**Work order**
Reproduce what is written in the records below exactly, and leave out the images.
─── Provided entries ───
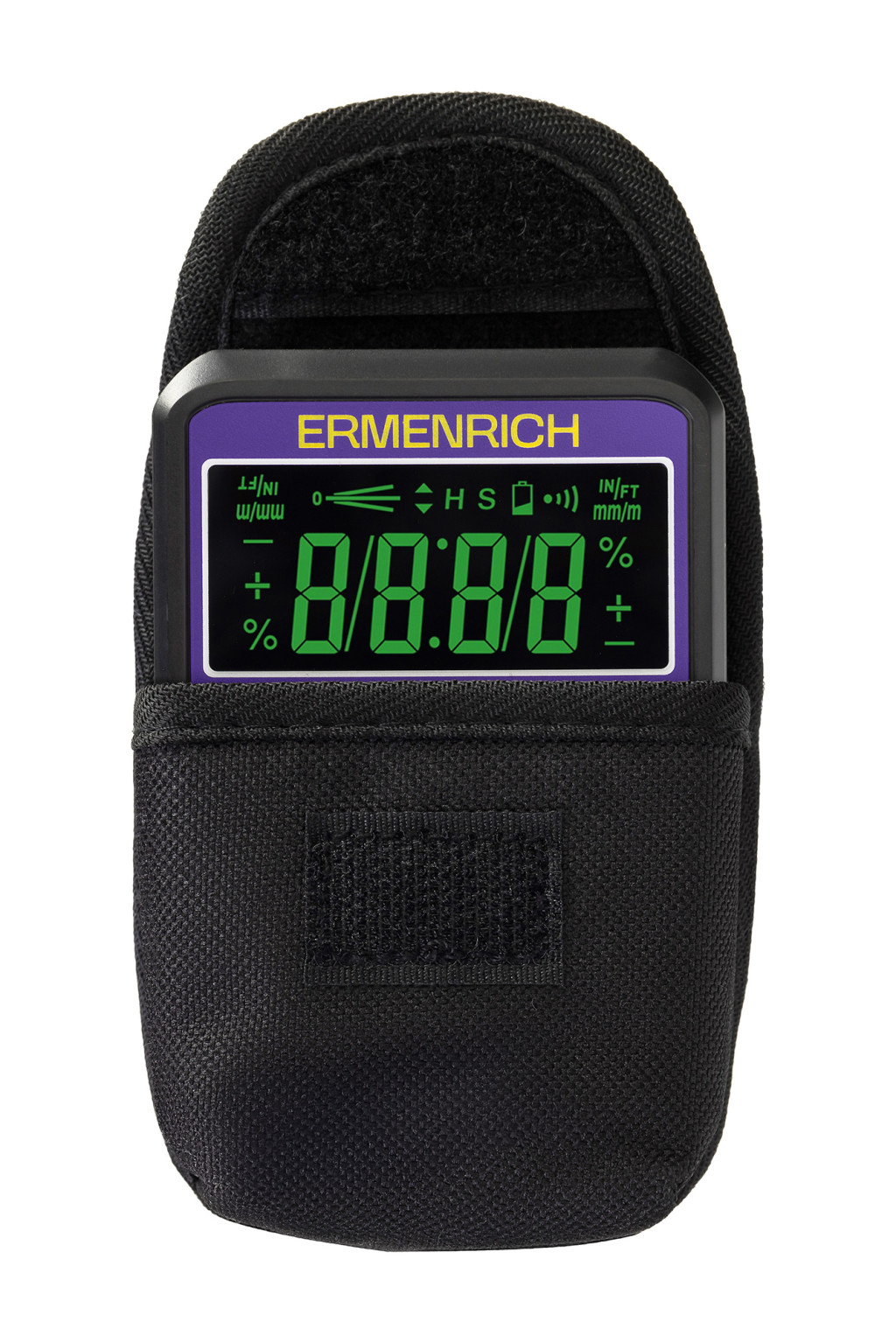 A leolvasott értékek a beépített monokróm kijelzőn jelennek meg, alatta pedig vezérlőgombok találhatók. Az Ermenrich Verk LQ40 digitális szintezővel néhány extra funkciónak köszönhetően könnyű a munka – lehetőség van a leolvasások „befagyasztására” és a készülék nullázására relatív szögek méréséhez. A mágneses V-horony talp segítségével a készüléket fémfelületen is rögzíteni tudja. A nagy szilárdságú ABS-műanyagból és polikarbonátból készült test ütésálló és véd a lehulló vízcseppekkel szemben. A készülék 2 hagyományos AAA elemmel működik, automatikus kikapcsolási funkcióval, amely 3 percnyi inaktivitás után kikapcsol.
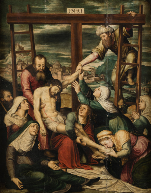 Esta composición del Descendimiento de la Cruz debió de gozar de un gran éxito en su momento. Esto se justifica por la existencia de otra obra semejante de menor tamaño (85 x 65 cm.) que se conserva en el Museo de Bellas Artes de Castellón y que perteneció a la colección del Infante don Sebastián Gabriel (Véase Benito Doménech 2000, pp. 162-163). Sin embargo, la pintura que aquí presentamos tiene el interés añadido de que Juanes, siguiendo la tradición medieval, incluyó en los extremos de la composición los retratos de un hombre y una mujer, como donantes, que sin lugar a duda fueron los comitentes de este importante encargo.
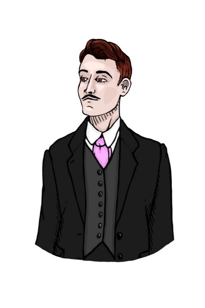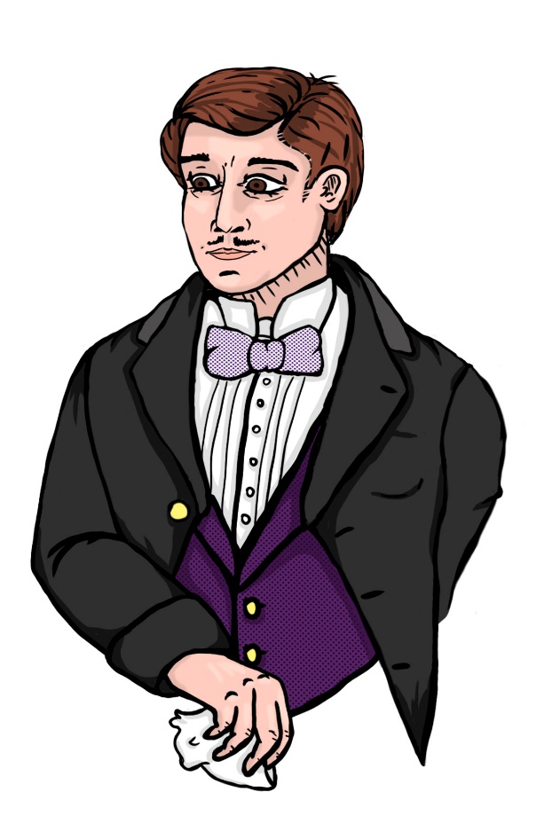 Довольно посредственный человек, весёлый, но скупой. Одет в коричневый костюм.
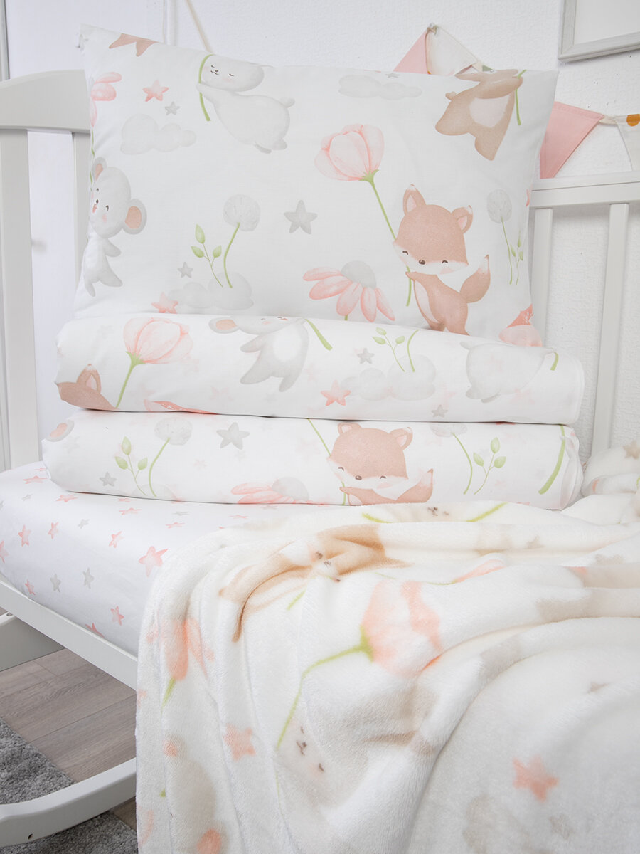 Купить Детское постельное белье + плед для новорожденного, Лесные зверьки
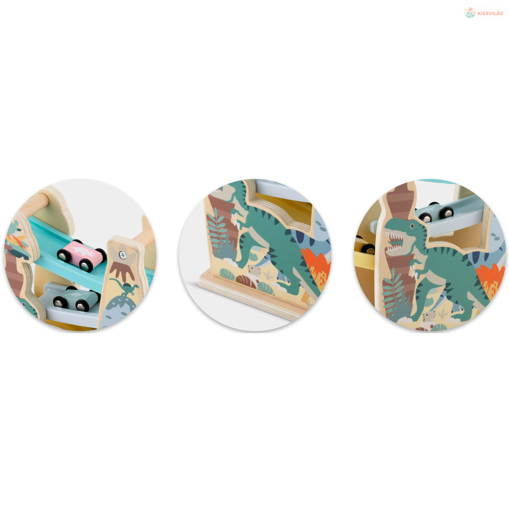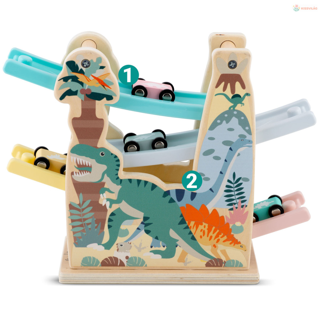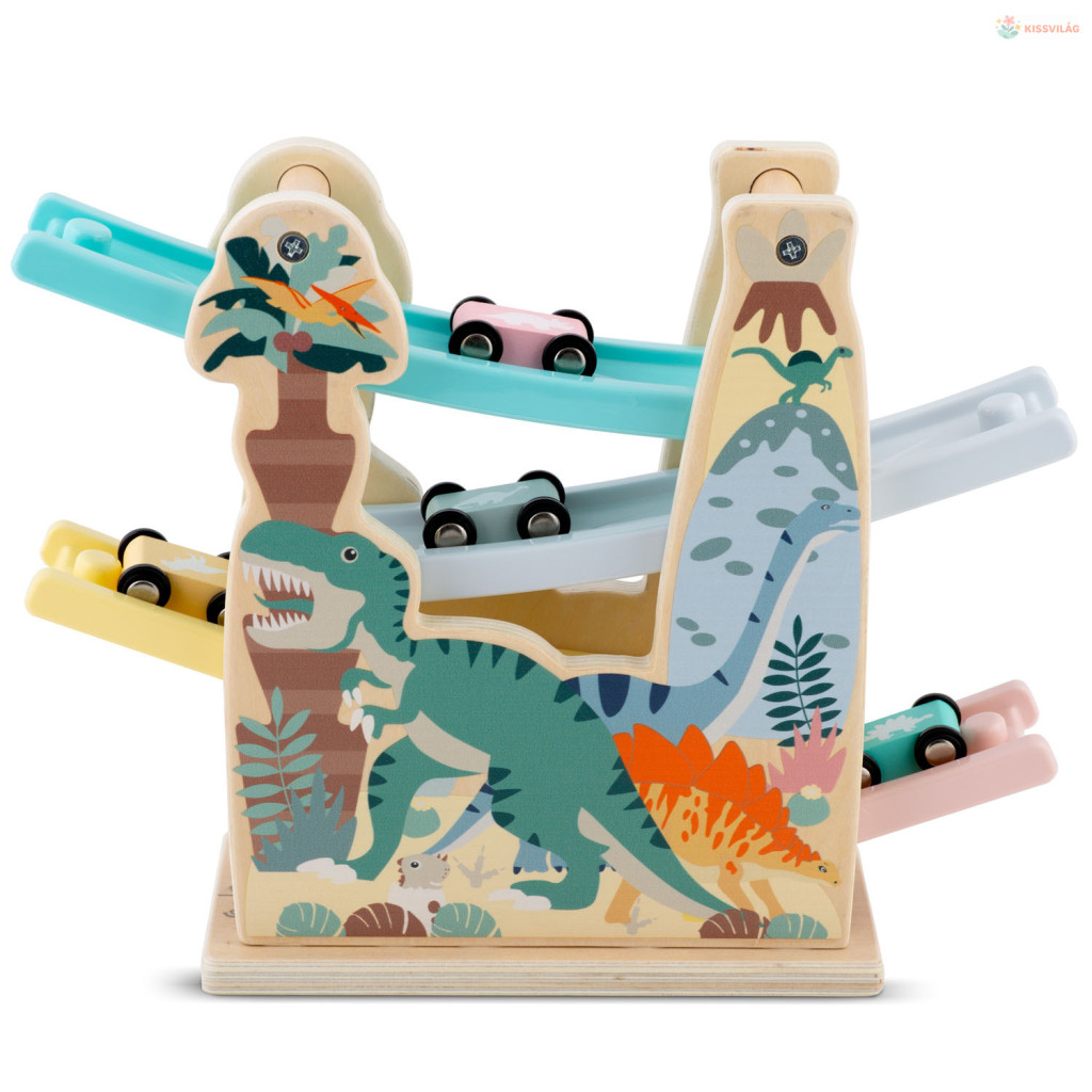 Fedezd fel a természetes fa varázsát a Ricokids RK-867 dinoszauruszos autópályával! A négyszintes, színes csúszda vidám dínó-mintáival és négy apró versenyautójával pillanatok alatt magára vonja a kicsik figyelmét. A kocsikat felülre helyezve a lejtőkön száguldanak végig, így a gyermek játék közben ismerkedik a gravitáció és a sebesség alapjaival. A gondosan csiszolt, EN-tanúsított fa biztonságot, a tartós festés hosszan tartó élénk színeket garantál. Miért jó a Ricokids RK-867 dinoszauruszos fa csúszda? Ez a kreatív fajáték nemcsak szórakoztat, hanem finomhangolja a szem-kéz koordinációt és támogatja a problémamegoldó gondolkodást. A négyszintes pálya látványos gurulást kínál, amely hosszú percekre leköti a kicsik figyelmét. Masszív felépítése ellenáll a mindennapos igénybevételnek, így bátran átadható testvéreknek, sőt akár generációról generációra is továbbörökíthető. Ezért fogod szeretni: • 4 szintes lejtő, folyamatos gurulás élményével • 4 különböző színű mini autó, azonnali versenyekhez • Biztonságos, EN-minősített natúr fa és gyermekbarát festék • Dínó-grafikák és élénk színek a vizuális élményért • Ideális ajándék, csomagolással együtt azonnal átadható Használati útmutató: • Helyezd a csúszdát stabil, sík felületre • Tedd az egyik autót a legfelső sínre, majd engedd el • Figyeld, ahogy a négy lejtőn végiggurul, míg az alsó rámpán megáll • Ismételd a többi autóval, vagy rendezz gyorsasági versenyt • Játék után gyűjtsd össze az autókat, és tárold a pályát száraz helyen A csomag tartalma: • 1 db négyszintes fa dinoszauruszos csúszda • 4 db színes mini versenyautó
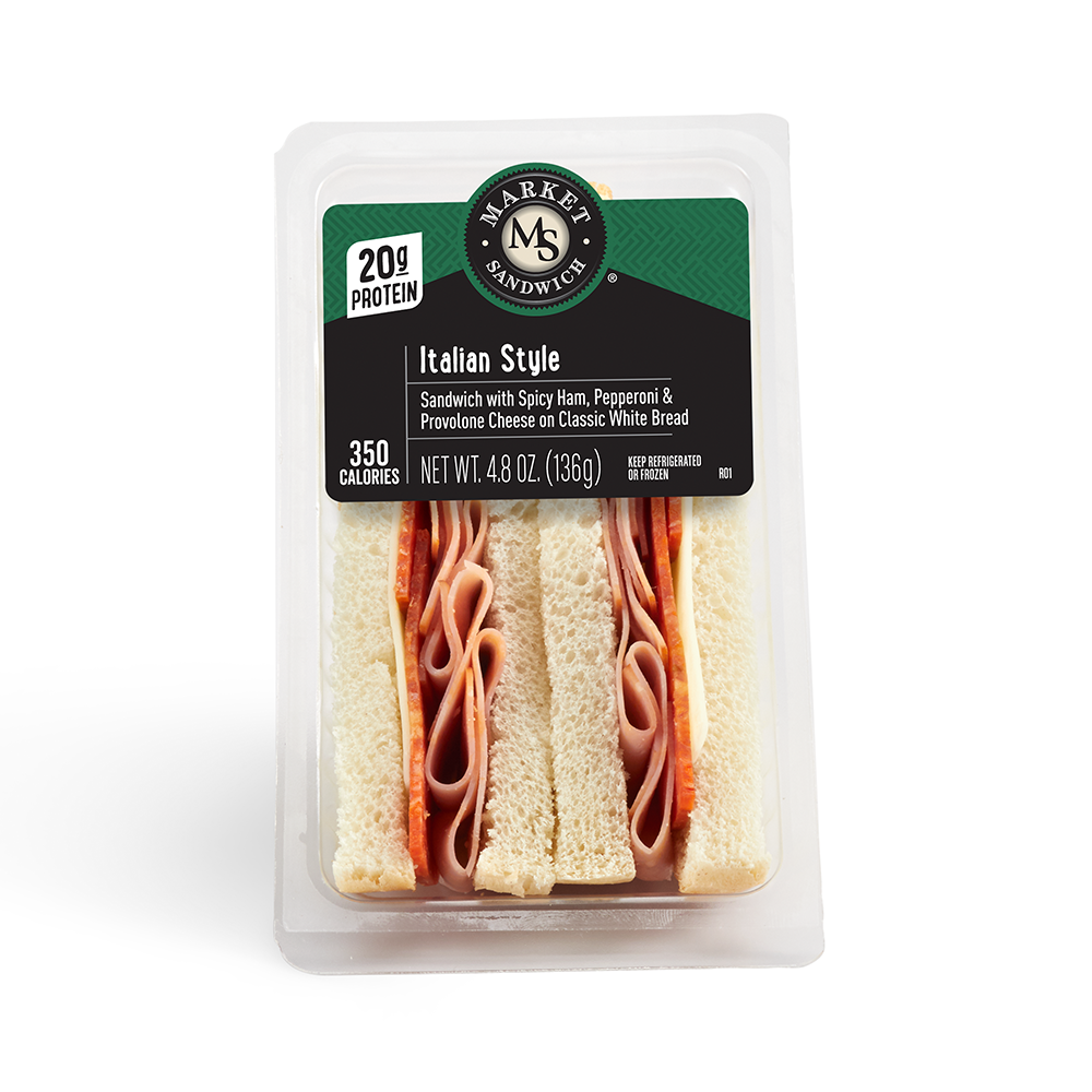 Market Sandwich Italian Style Wedge is made with spicy ham, pepperoni, and provolone cheese on sliced bread; ready to enjoy!
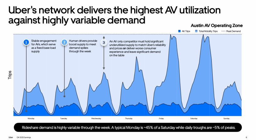 研发自动驾驶车辆,与打造全球网约车市场平台是两个完全不同的概念。网约车需求的波动性极强,即便是在一周内,需求变化也十分显著。例如在奥斯汀,周一的日均需求约为周六的 45%,而单日需求低谷仅为一周峰值的 5% 左右。季节性需求变化,以及特殊活动带来的需求激增,进一步放大了这种波动性。这也是我们坚信,人工司机与自动驾驶结合的混合网络,能为优步及其合作伙伴带来最高的资产使用效率与营收增长机遇的原因。
───
**Answer box**
 A leolvasott értékek a beépített monokróm kijelzőn jelennek meg, alatta pedig vezérlőgombok találhatók. Az Ermenrich Verk LQ40 digitális szintezővel néhány extra funkciónak köszönhetően könnyű a munka – lehetőség van a leolvasások „befagyasztására” és a készülék nullázására relatív szögek méréséhez. A mágneses V-horony talp segítségével a készüléket fémfelületen is rögzíteni tudja. A nagy szilárdságú ABS-műanyagból és polikarbonátból készült test ütésálló és véd a lehulló vízcseppekkel szemben. A készülék 2 hagyományos AAA elemmel működik, automatikus kikapcsolási funkcióval, amely 3 percnyi inaktivitás után kikapcsol.
 Esta composición del Descendimiento de la Cruz debió de gozar de un gran éxito en su momento. Esto se justifica por la existencia de otra obra semejante de menor tamaño (85 x 65 cm.) que se conserva en el Museo de Bellas Artes de Castellón y que perteneció a la colección del Infante don Sebastián Gabriel (Véase Benito Doménech 2000, pp. 162-163). Sin embargo, la pintura que aquí presentamos tiene el interés añadido de que Juanes, siguiendo la tradición medieval, incluyó en los extremos de la composición los retratos de un hombre y una mujer, como donantes, que sin lugar a duda fueron los comitentes de este importante encargo.
 Довольно посредственный человек, весёлый, но скупой. Одет в коричневый костюм.
 Купить Детское постельное белье + плед для новорожденного, Лесные зверьки
 Fedezd fel a természetes fa varázsát a Ricokids RK-867 dinoszauruszos autópályával! A négyszintes, színes csúszda vidám dínó-mintáival és négy apró versenyautójával pillanatok alatt magára vonja a kicsik figyelmét. A kocsikat felülre helyezve a lejtőkön száguldanak végig, így a gyermek játék közben ismerkedik a gravitáció és a sebesség alapjaival. A gondosan csiszolt, EN-tanúsított fa biztonságot, a tartós festés hosszan tartó élénk színeket garantál. Miért jó a Ricokids RK-867 dinoszauruszos fa csúszda? Ez a kreatív fajáték nemcsak szórakoztat, hanem finomhangolja a szem-kéz koordinációt és támogatja a problémamegoldó gondolkodást. A négyszintes pálya látványos gurulást kínál, amely hosszú percekre leköti a kicsik figyelmét. Masszív felépítése ellenáll a mindennapos igénybevételnek, így bátran átadható testvéreknek, sőt akár generációról generációra is továbbörökíthető. Ezért fogod szeretni: • 4 szintes lejtő, folyamatos gurulás élményével • 4 különböző színű mini autó, azonnali versenyekhez • Biztonságos, EN-minősített natúr fa és gyermekbarát festék • Dínó-grafikák és élénk színek a vizuális élményért • Ideális ajándék, csomagolással együtt azonnal átadható Használati útmutató: • Helyezd a csúszdát stabil, sík felületre • Tedd az egyik autót a legfelső sínre, majd engedd el • Figyeld, ahogy a négy lejtőn végiggurul, míg az alsó rámpán megáll • Ismételd a többi autóval, vagy rendezz gyorsasági versenyt • Játék után gyűjtsd össze az autókat, és tárold a pályát száraz helyen A csomag tartalma: • 1 db négyszintes fa dinoszauruszos csúszda • 4 db színes mini versenyautó
 Market Sandwich Italian Style Wedge is made with spicy ham, pepperoni, and provolone cheese on sliced bread; ready to enjoy!
 研发自动驾驶车辆,与打造全球网约车市场平台是两个完全不同的概念。网约车需求的波动性极强,即便是在一周内,需求变化也十分显著。例如在奥斯汀,周一的日均需求约为周六的 45%,而单日需求低谷仅为一周峰值的 5% 左右。季节性需求变化,以及特殊活动带来的需求激增,进一步放大了这种波动性。这也是我们坚信,人工司机与自动驾驶结合的混合网络,能为优步及其合作伙伴带来最高的资产使用效率与营收增长机遇的原因。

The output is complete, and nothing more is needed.